Write out exactly the lines below from the one containing "ミスタードーナツの福袋の販売" to the last, both ends kept, and nothing more; skip all pictures.

DATA EXTRACT
----------

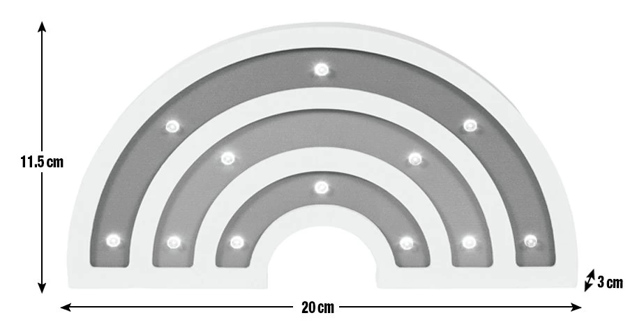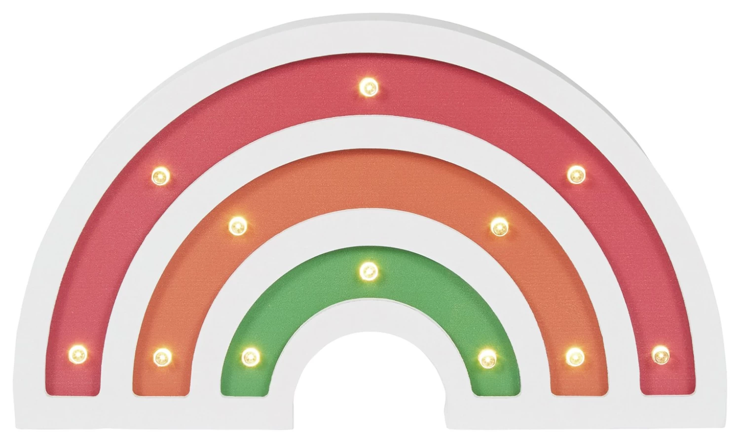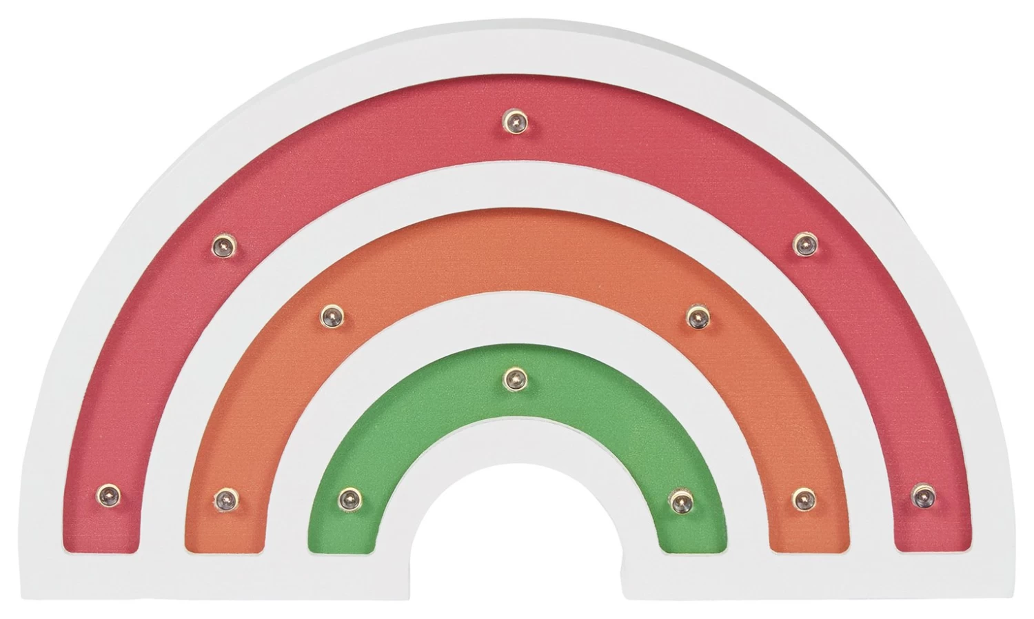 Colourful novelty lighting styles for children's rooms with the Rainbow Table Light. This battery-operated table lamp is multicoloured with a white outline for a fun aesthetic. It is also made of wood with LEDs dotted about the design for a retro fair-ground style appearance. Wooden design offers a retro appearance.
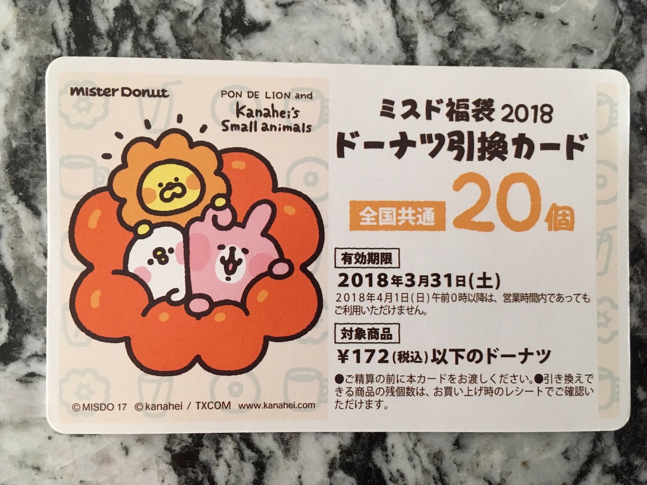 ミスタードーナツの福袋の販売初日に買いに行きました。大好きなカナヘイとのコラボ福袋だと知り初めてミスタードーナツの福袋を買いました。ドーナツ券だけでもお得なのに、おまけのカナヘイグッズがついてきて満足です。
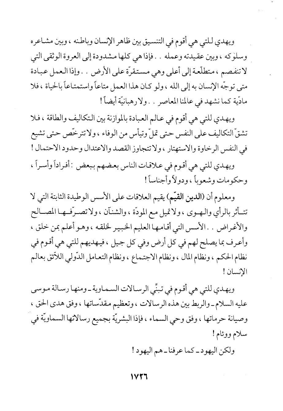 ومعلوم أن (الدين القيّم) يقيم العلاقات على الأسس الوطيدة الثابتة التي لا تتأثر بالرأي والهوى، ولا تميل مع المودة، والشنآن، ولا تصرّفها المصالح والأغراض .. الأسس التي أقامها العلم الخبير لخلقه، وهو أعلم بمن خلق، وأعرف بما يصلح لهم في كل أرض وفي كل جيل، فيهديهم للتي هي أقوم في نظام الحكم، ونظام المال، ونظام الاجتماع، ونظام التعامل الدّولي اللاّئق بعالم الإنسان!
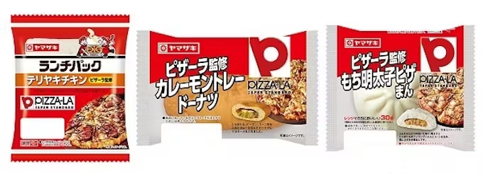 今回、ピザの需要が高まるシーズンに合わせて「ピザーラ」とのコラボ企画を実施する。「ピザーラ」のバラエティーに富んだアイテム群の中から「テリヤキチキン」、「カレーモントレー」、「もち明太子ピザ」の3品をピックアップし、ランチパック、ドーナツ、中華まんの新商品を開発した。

----------

YOUR SOLUTION
 ミスタードーナツの福袋の販売初日に買いに行きました。大好きなカナヘイとのコラボ福袋だと知り初めてミスタードーナツの福袋を買いました。ドーナツ券だけでもお得なのに、おまけのカナヘイグッズがついてきて満足です。
 ومعلوم أن (الدين القيّم) يقيم العلاقات على الأسس الوطيدة الثابتة التي لا تتأثر بالرأي والهوى، ولا تميل مع المودة، والشنآن، ولا تصرّفها المصالح والأغراض .. الأسس التي أقامها العلم الخبير لخلقه، وهو أعلم بمن خلق، وأعرف بما يصلح لهم في كل أرض وفي كل جيل، فيهديهم للتي هي أقوم في نظام الحكم، ونظام المال، ونظام الاجتماع، ونظام التعامل الدّولي اللاّئق بعالم الإنسان!
 今回、ピザの需要が高まるシーズンに合わせて「ピザーラ」とのコラボ企画を実施する。「ピザーラ」のバラエティーに富んだアイテム群の中から「テリヤキチキン」、「カレーモントレー」、「もち明太子ピザ」の3品をピックアップし、ランチパック、ドーナツ、中華まんの新商品を開発した。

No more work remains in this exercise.